4話。殺 意のフォーク

じゅ、じゅんちゃ・・ん。いだいよ・・・。
じゅん・・。

へっ?初音?
なんでっ?

死んでない、初音は死んでない。
俺は、テーブルを勢いよく弾き飛ばし、初音に駆け寄った。
確かに、血は出ているが大した量ではない。

ミノルゥ!!!
ミノル、ナニで刺したぁ!
動けなくなっているミノルの視線を追うと、血の付いたフォークが、床に転がっていた。
フォーク、フォークじゃ死なない。フォークじゃ死なない。
このまま歌にして歌ってしまいたい気分だった。兎に角、ミノルは初音を殺してない!それだけで先が見えた、明るい未来が見えた!

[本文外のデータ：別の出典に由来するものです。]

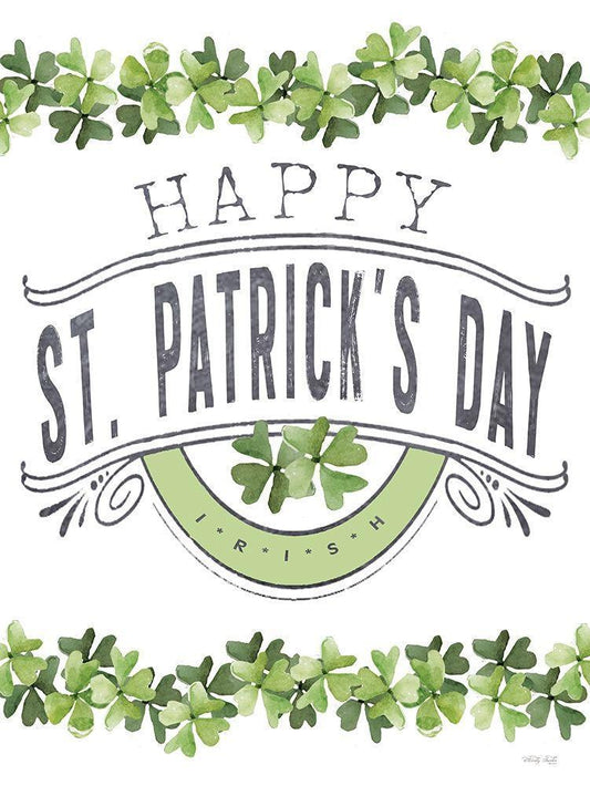 Happy St. Patricks Day White Modern Wood Framed Art Print with Double Matting by Jacobs, Cindy
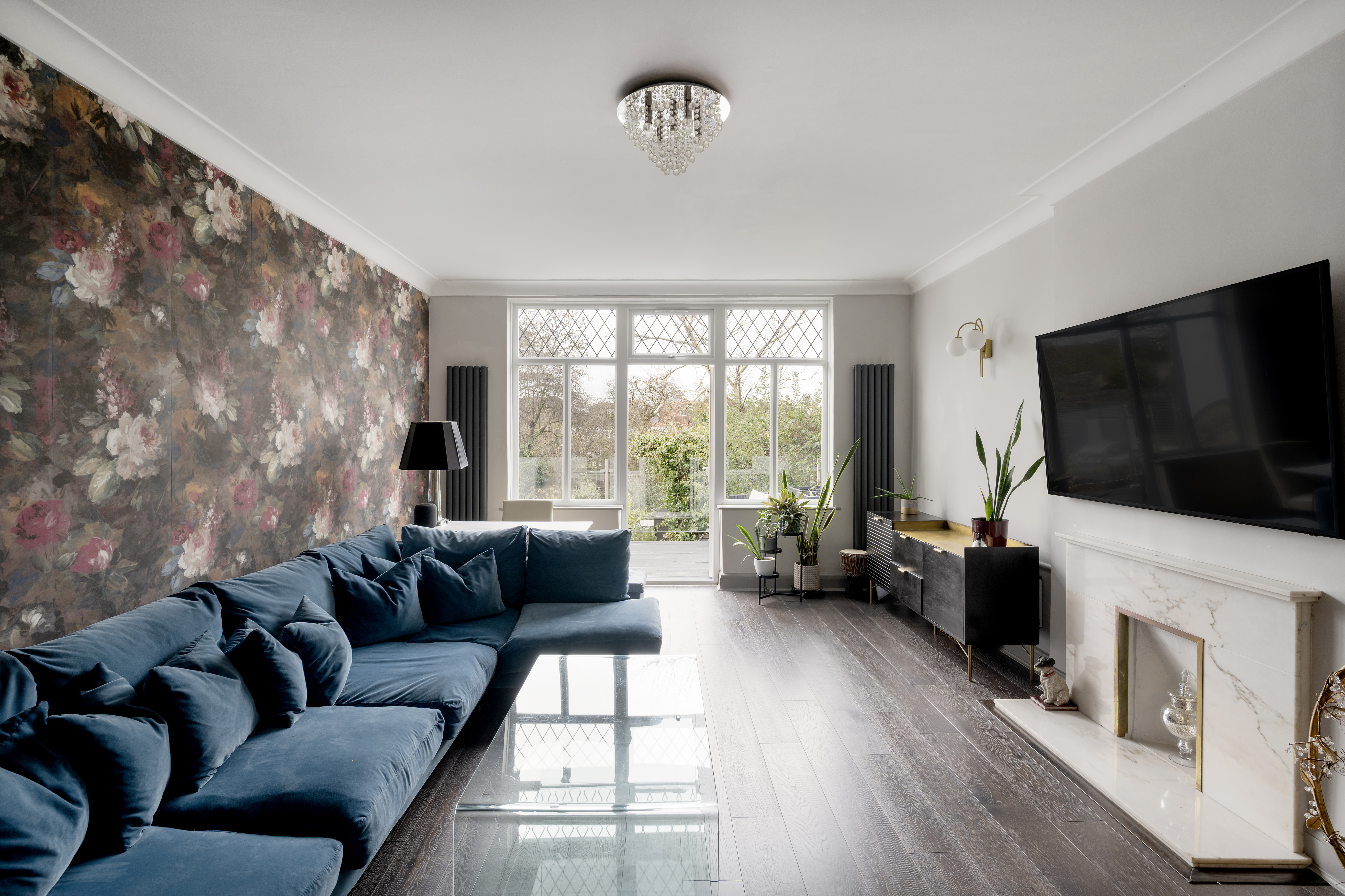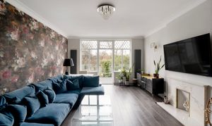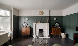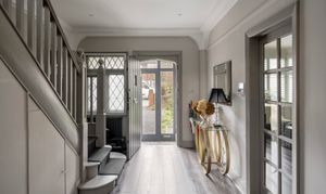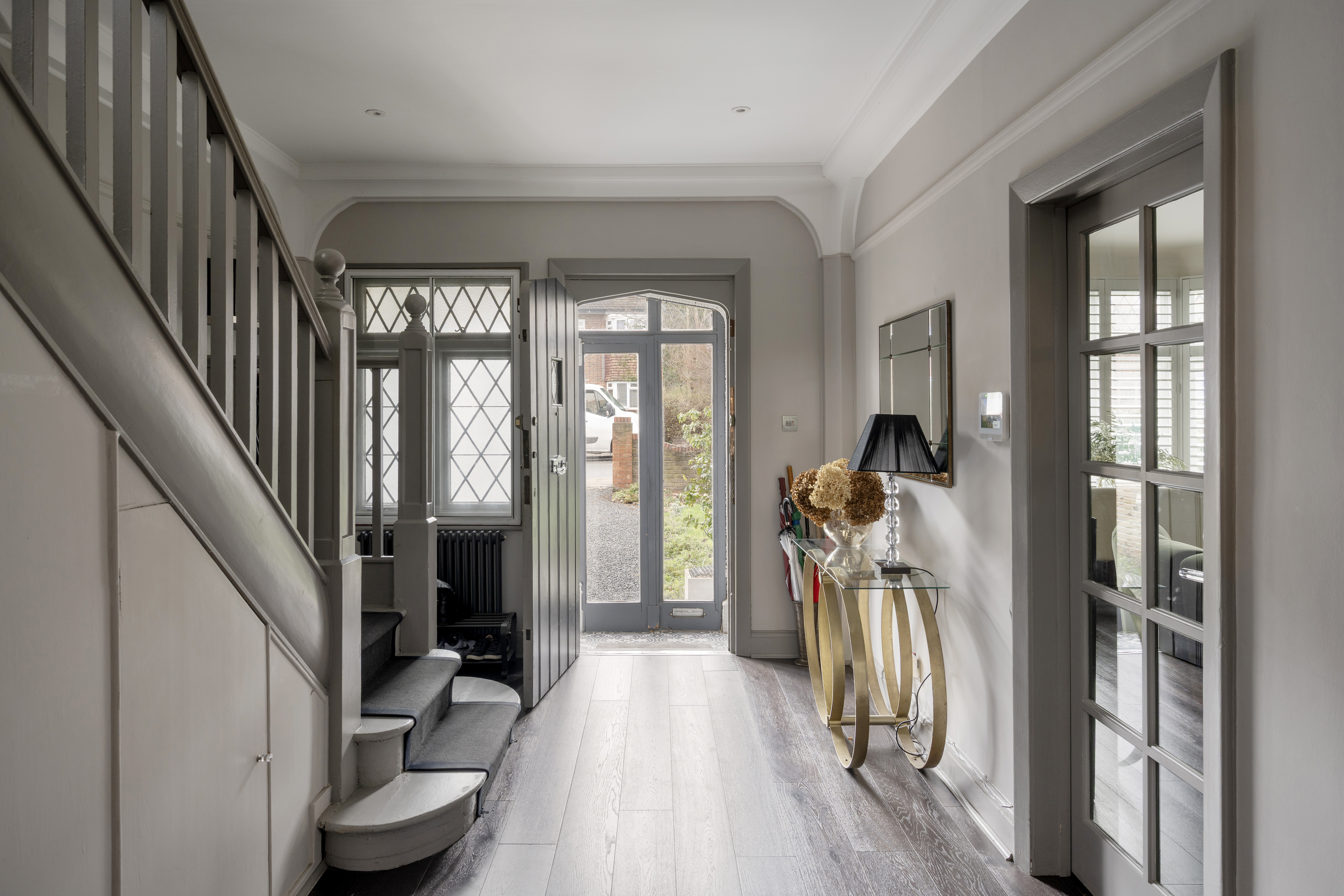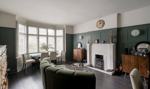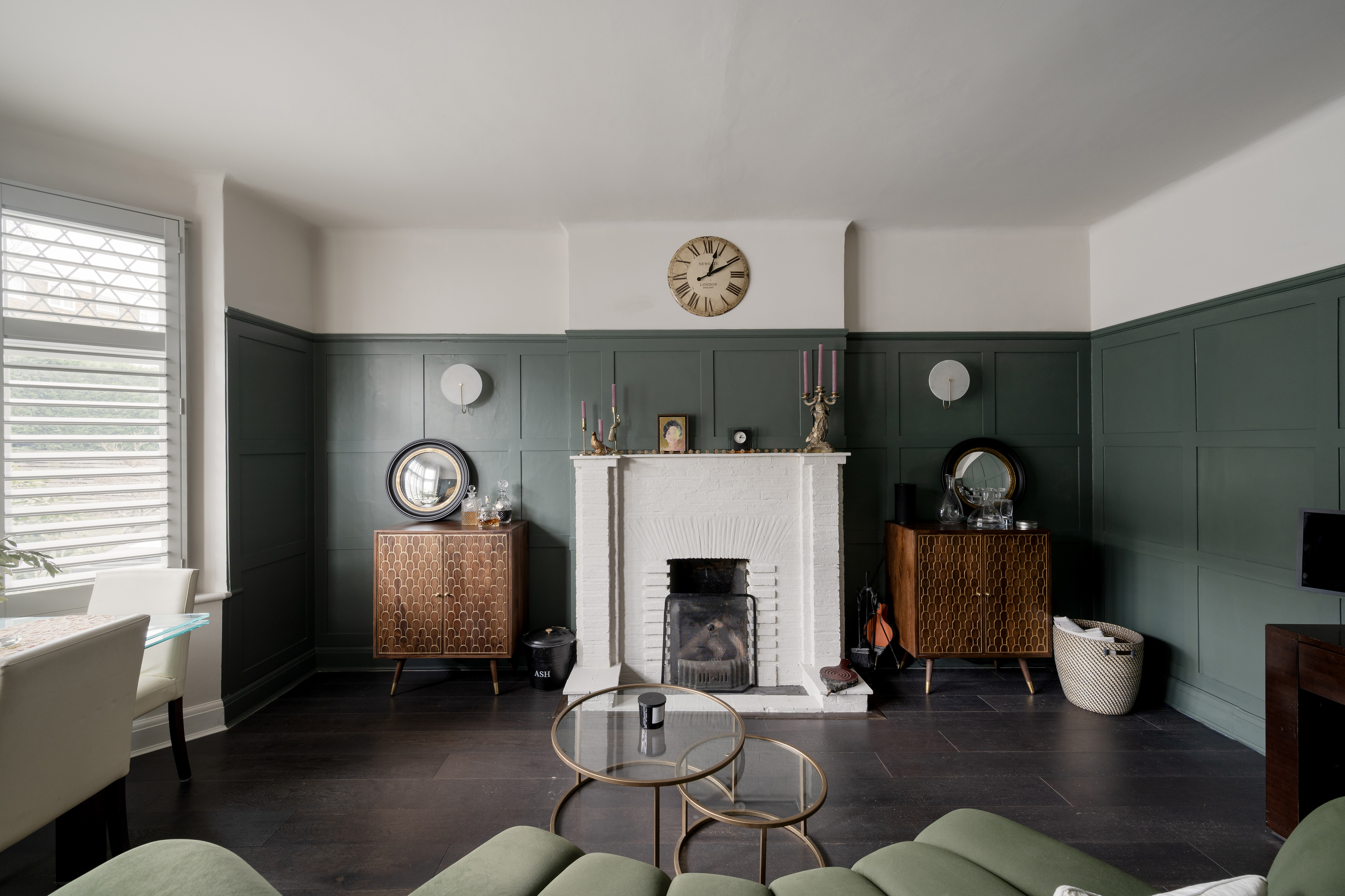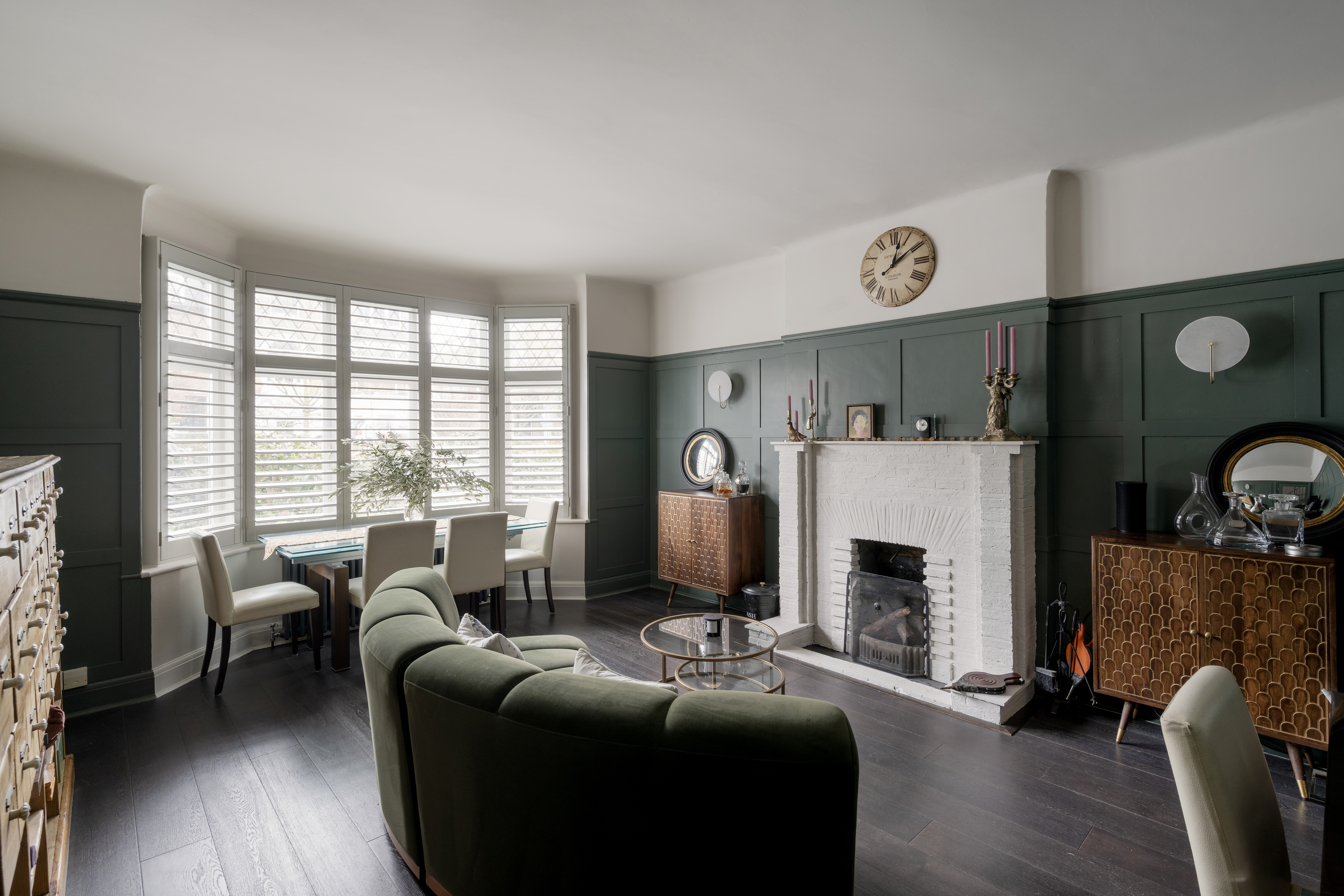 Behind its attractive exterior, the home opens into a welcoming entrance hall which seamlessly flows into a large rear reception room with views directly onto the garden. A second reception space, also used as a dining room, sits opposite the staircase and features a large bow window, working fireplace, and wooden panelling finished in Farrow & Ball to create a refined space suited to both cosy evenings and more formal entertaining.

初音ぇ!大丈夫。大丈夫だ、いま、今すぐ病院に連れて行ってやるから!なっ!頑張れっ!

うん・・・。頑張る・・・。
意識も、はっきりしてる。
俺は、初音を椅子に座らせ、ミノルに近付いた。まだ興奮はしているが、状況は把握しているみたいだった。

兎に角、とにかく病院に連れて行こう!なっ、ミノル。
小さく頷き、俺の手を力強く握ってきた。
こんな所でモタモタしている場合じゃない!
助手席のリクライニングを深く倒し、静かに初音を乗せた。

なんか、すごい1日だ・・・。
ビビアンから離れた事で俺もミノルも少し冷静になれた。

どこの病院に行けばいいのか?なんて説明すればいいのか?
自分の車に乗せたものの、何も考えていなかった・・・。

ミノル!地図!地図なかったか?

知らないよ・・。淳ちゃんの車でしょ。
後ろ見るから、車停めてっ!
交差点の手前で車をとめた。おれは、バックミラーに映るミノルを見ながら煙草に火をつけた。

あっ、あああっ!!!

運転席から滑り出し、ミノルの横に並んだ。
忘れていた。人を殺しておいて、殺めておいて忘れてた!
叫び声をあげるでもなくミノルは固まっている。俺の袖をひっぱりながらミノルは口をひらいた。
この人死んでるの?
やばいよ、この人・・・。
つづく。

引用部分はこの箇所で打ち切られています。